Festival reflects sounder footing for diplomacy
A woman in a floaty dress wrestles a minotaur who reflects her inner demons in Errand into the Maze, one of the Martha Graham Dance Company works that made its Cuban premiere this weekend to thunderous applause at the Havana ballet festival.
The troupe was performing in the island for the first time since 1941 and is one of seven US companies participating in the 10-day event, underscoring greater US-Cuban cultural exchange in the wake of the countries’ detente.
“The standing ovation said it all,” said a beaming Cuban spectator, 64-year-old Maria Antonia Armas. “It was fabulous. I just hope this exchange will continue to flow.”
The Cuban and US ballet worlds have a deeply entwined history and the founding father of Cuban dance, Ramiro Guerra, studied under Graham in New York in the 1940s.
Yet ties suffered during the five decades of ideological hostility following the 1959 revolution in Cuba.
“We keep hearing there is a Martha Graham world in Cuba that we have been apart from for decades,” the company’s artistic director, Janet Eilber, said in an interview.
“We know it has evolved in its own way and in New York we have evolved in our own way, so to come together and meet our long lost relatives has been very interesting.”
While there have been some exchanges between Cuban and US dance in the last two decades, the detente announced nearly two years ago is enabling a broader opening, Eilber said.
For one, it has made traveling and securing financing much easier, she said.
Cuban spectators said the modern and contemporary US choreographies performed during the opening weekend of the 25th International Ballet Festival of Havana were like a breath of fresh air.
While Cuban ballet has fused the best from the Russians, French, Italians, English and US dancers with Latin flair and Afro-Cuban sensuality, its style has also been criticized as outdated.
It is based on the approach of the Ballet Nacional de Cuba’s 94-year-old founder, Alicia Alonso, a principal dancer in the 1940s with the company now known as American Ballet Theater.

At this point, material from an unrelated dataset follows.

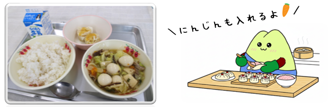 今日は、「多文化共生」の取組として室小学校の給食委員会さんが選んだ中華料理が登場です!全校児童に「どの国の料理が食べたいか」を聞いたところ、中国が一番人気だったそうです。放送当番さんの食レポでは、「中華どんぶりには、大好きなウズラの卵がたくさん入っていて嬉しかったです。他にもイカや野菜がモリモリ入っていて中国を感じながら食べることができました」とありました。にんじんシューマイはオレンジ色で見た目も華やかでしたね(^_-)
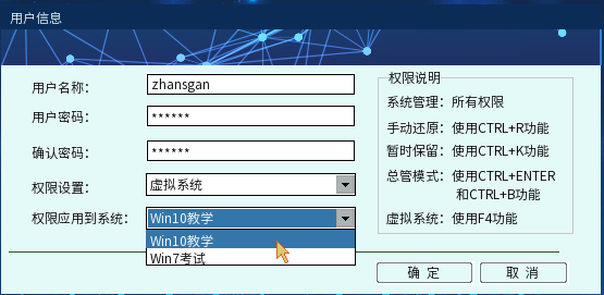5、在“权限应用到系统”一栏选中该用户需要用到的系统,这里选中了哪个系统该账号就可以基于此系统去创建虚拟系统,可以多选,点击确定用户账号就创建完成了。

Alonso’s choreographies to classics like Swan Lake, Giselle and Sleeping Beauty feature heavily throughout the biannual festival, which from this year onward will be named after her.
Dancers and companies representing 16 countries will participate in the festival, including for the first time South Korea’s Universal Ballet Company and the lead dancer from the National Ballet of Mongolia.
Alicia Alonso (center), Cuban prima ballerina assoluta and founder of the Cuban National Ballet, attends an event to mark the opening of the 25th International Ballet Festival of Havana, on Tuesday.